- Analysts at Morgan Stanley warned in a note Monday that a reverse merger between Dell and VMware is a “worst case scenario” for VMware shareholders.
- Analysts said a merger could devalue VMware by as much as $28 billion. This also leads them to believe that a merger is unlikely, according to the note.
- Dell is considering a reverse merger with the publicly-traded company, as a means of going public itself. Dell is also looking into an IPO, or keeping things as they are.
Dell Technologies is considering mixing up its ownership structure, and analysts at Morgan Stanley are not going along for the ride.
In a note published on Monday, Morgan Stanley analysts Keith Weiss and Sanjit Singh warned investors against one of the most interesting options on the table, in which Dell Technologies would do a “reverse merger” with its subsidiary company VMware.
Analysts called a merger the “worst case scenario” for VMware shareholders.
VMware is traded publicly, and a merger would take Dell public without putting the company through an initial public offering. Dell currently owns 82% of VMware stock, and 97% of its voting interest, thanks to the 2015 Dell/EMC merger.
A reverse merger would have tax benefits for Dell and give the company access to VMware’s cash, according to the report, but ultimately it would have a negative impact on VMware’s shareholders.

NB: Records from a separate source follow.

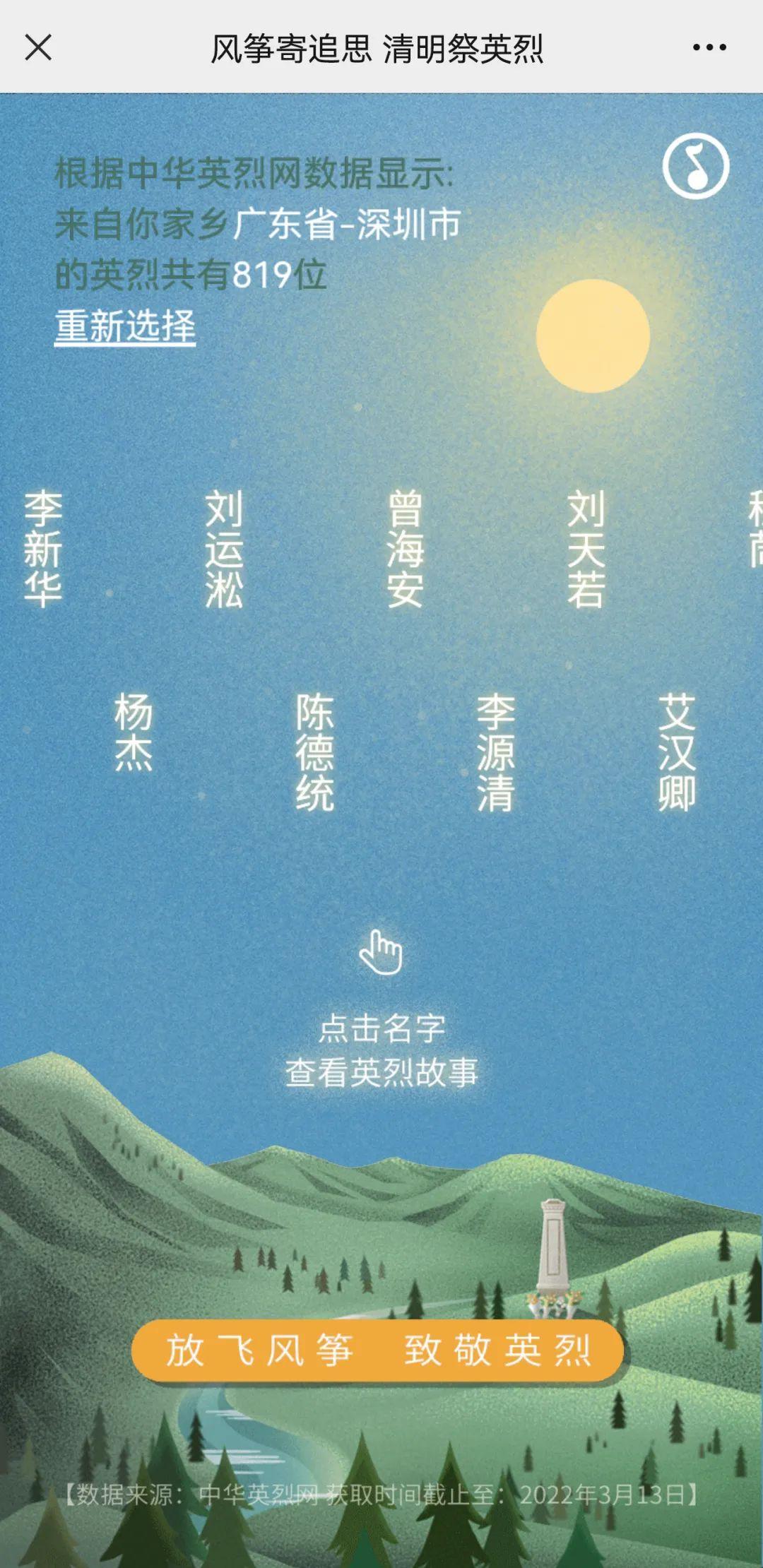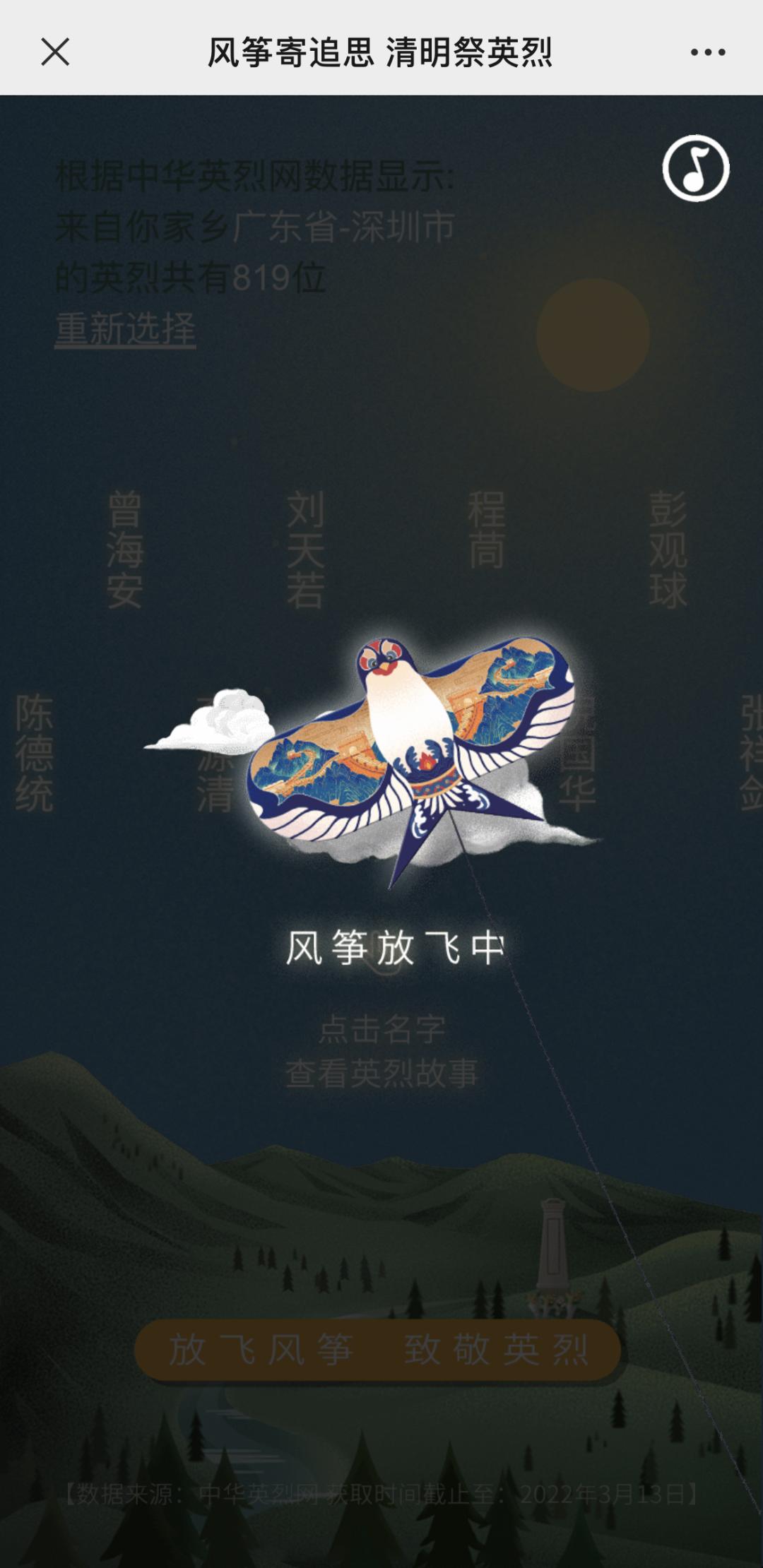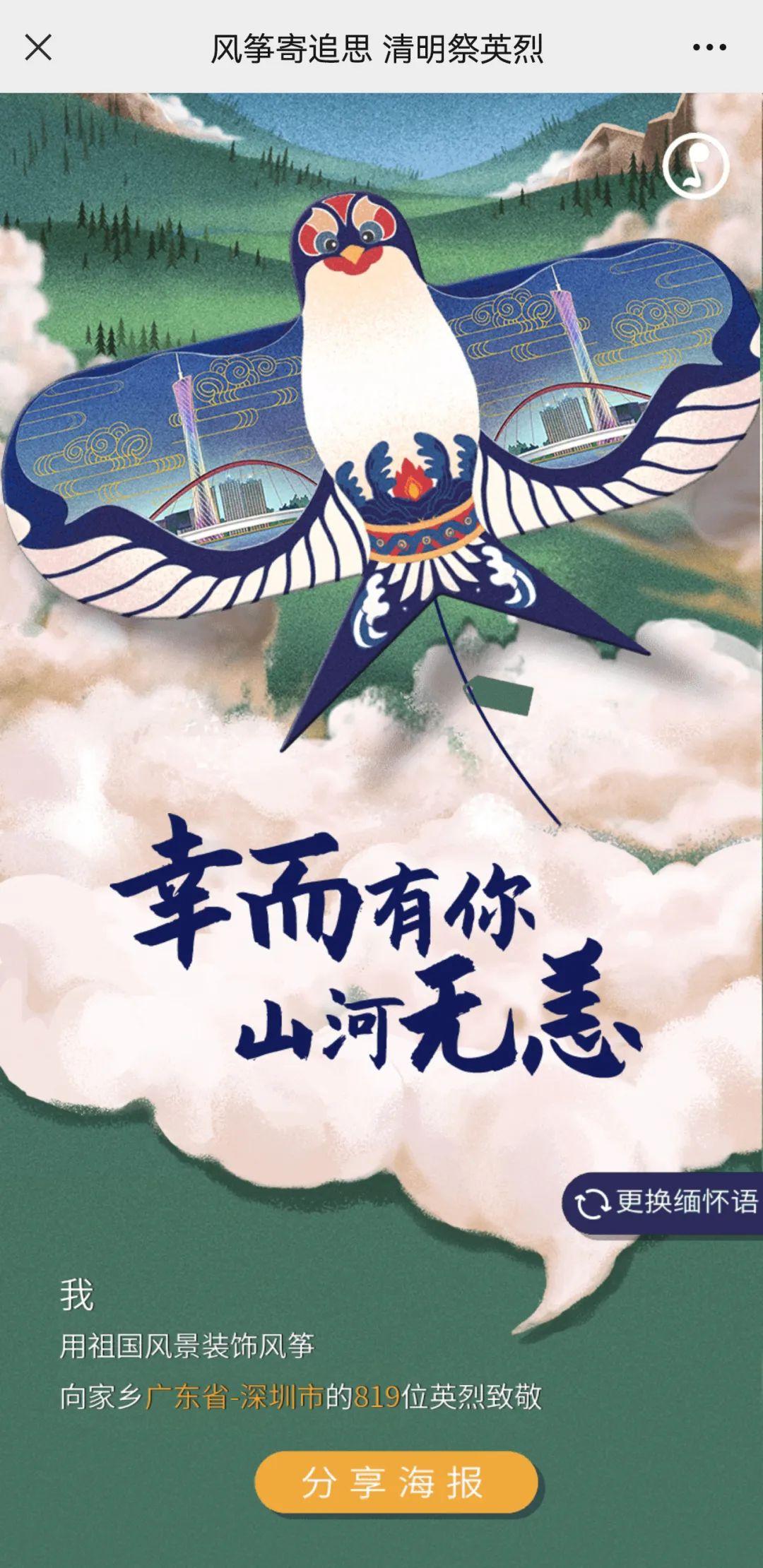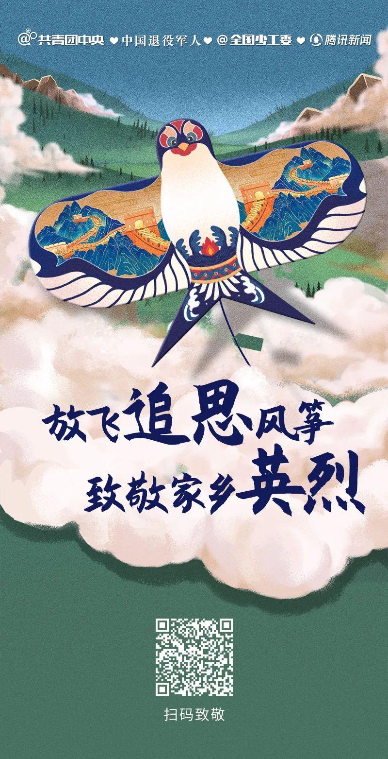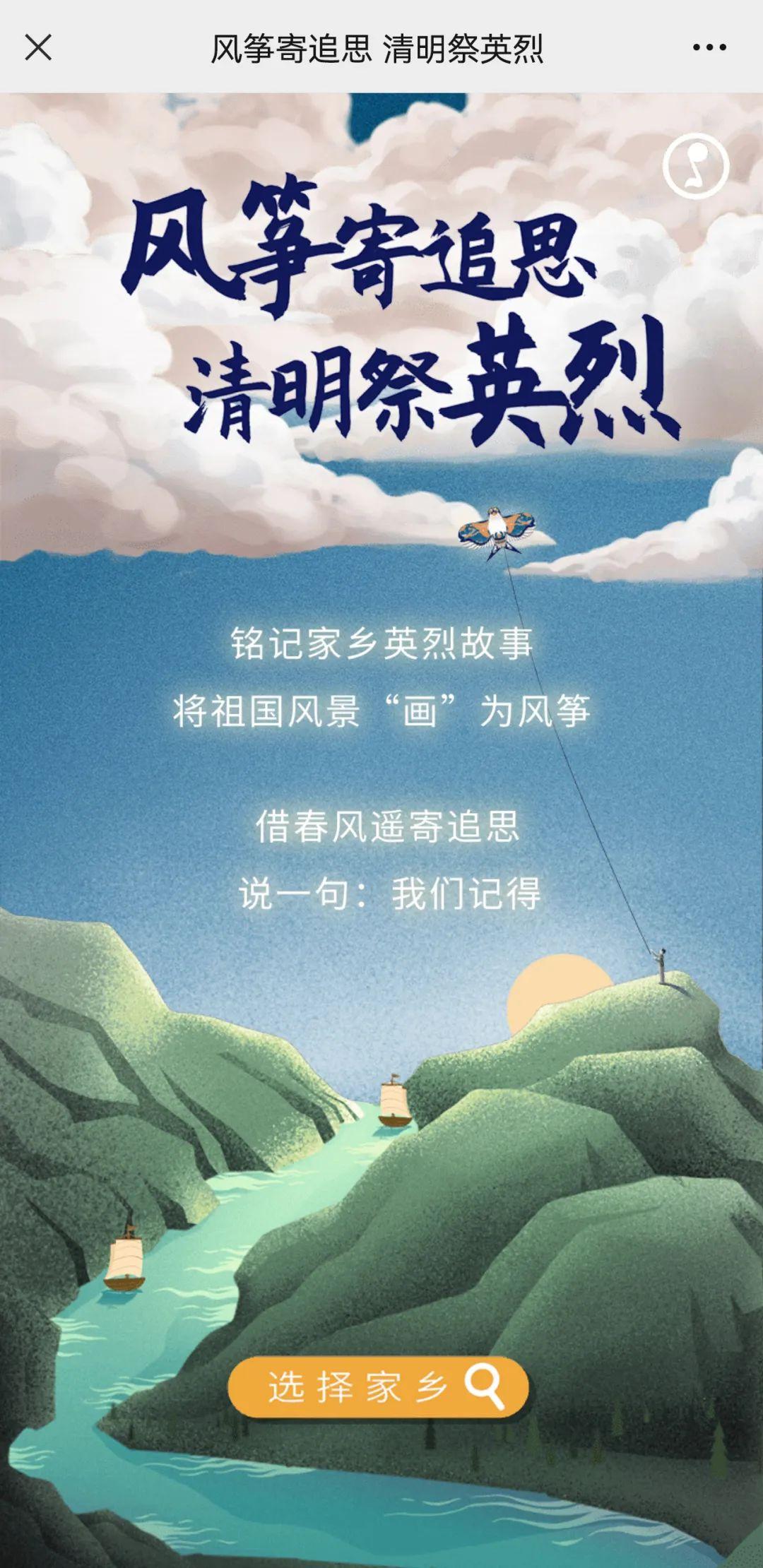 队员们,快来参与活动,在线上平台放飞一只属于你的小小追思风筝,向家乡的英雄英烈们致敬!
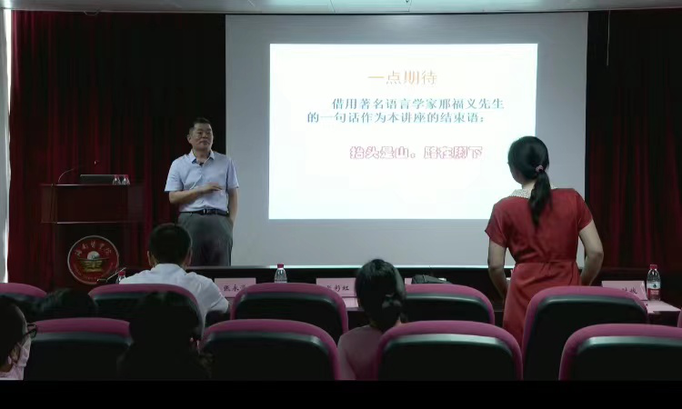 温锁林教授从五个方面为老师们讲解了人文社科类论文写作的方法,并以语言学本体语法研究为切入点阐述了语言教学的特点与方法。温教授语言诙谐幽默,深入浅出,例证生动形象,易于理解。讲座现场气氛热烈,互动积极,取得了良好的效果。在讲座最后,温教授用著名语言学家刑福义先生的一句话“抬头是山,路在脚下”勉励参会教师,希望教师们在教学与科研的道路上不畏艰难、脚踏实地、勇攀高峰。
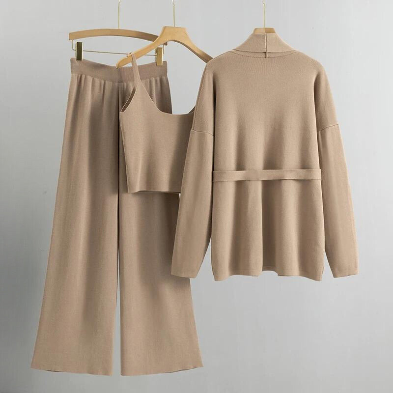- The set features a loose-fit cardigan, a cropped top, and wide-leg pants
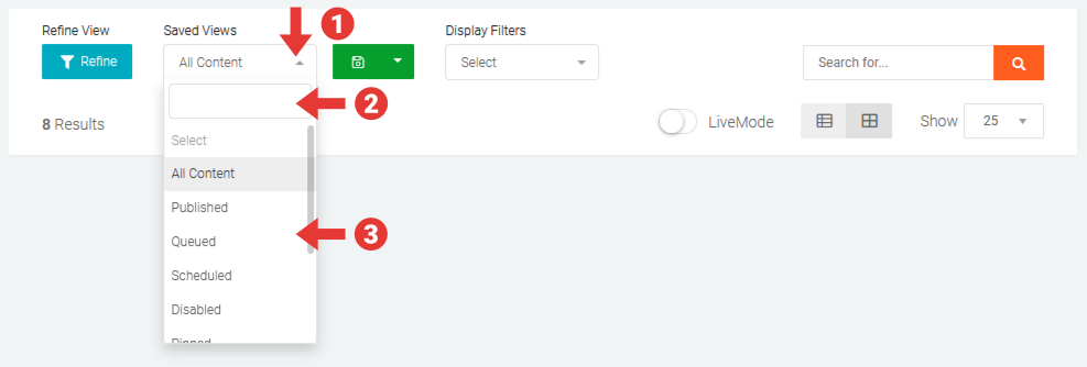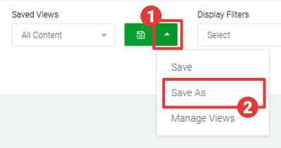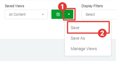 Once you have refined the content and adjusted the interface settings to your needs, you can save the settings using the Saved View drop downs so the exact settings can be quickly reloaded in the future. You can also share saved views with your team members which helps save time and is particularly useful when individual team members are managing content for specific campaigns or purposes.
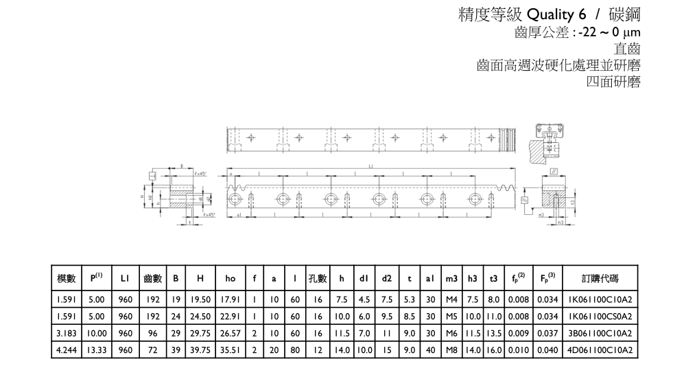 APEX臺灣精銳直齒齒排(配合線性滑軌180°界面) 精度等級 Quality 6 / 碳鋼 (模數(shù)M:1.591、3.183、4.244 )

Analysts at Morgan Stanley project that a combined company would devalue VMware by $28 billion — considerably more than the $500 million-600 million annual taxes Dell will face if it continues to operate under its existing structure.
Already VMware stock, which traded at an all-time high of $150 in late January, has suffered. Shares currently cost around $117, which Morgan Stanley expects would “quickly” return toward its $143 price target if “the risk of a reverse merger diminishes.”
However, analysts also conclude that it’s the least likely of the three strategic options Dell is pursuing.
The company is also looking into doing its own IPO, as well as looking into whether staying private is actually the best option.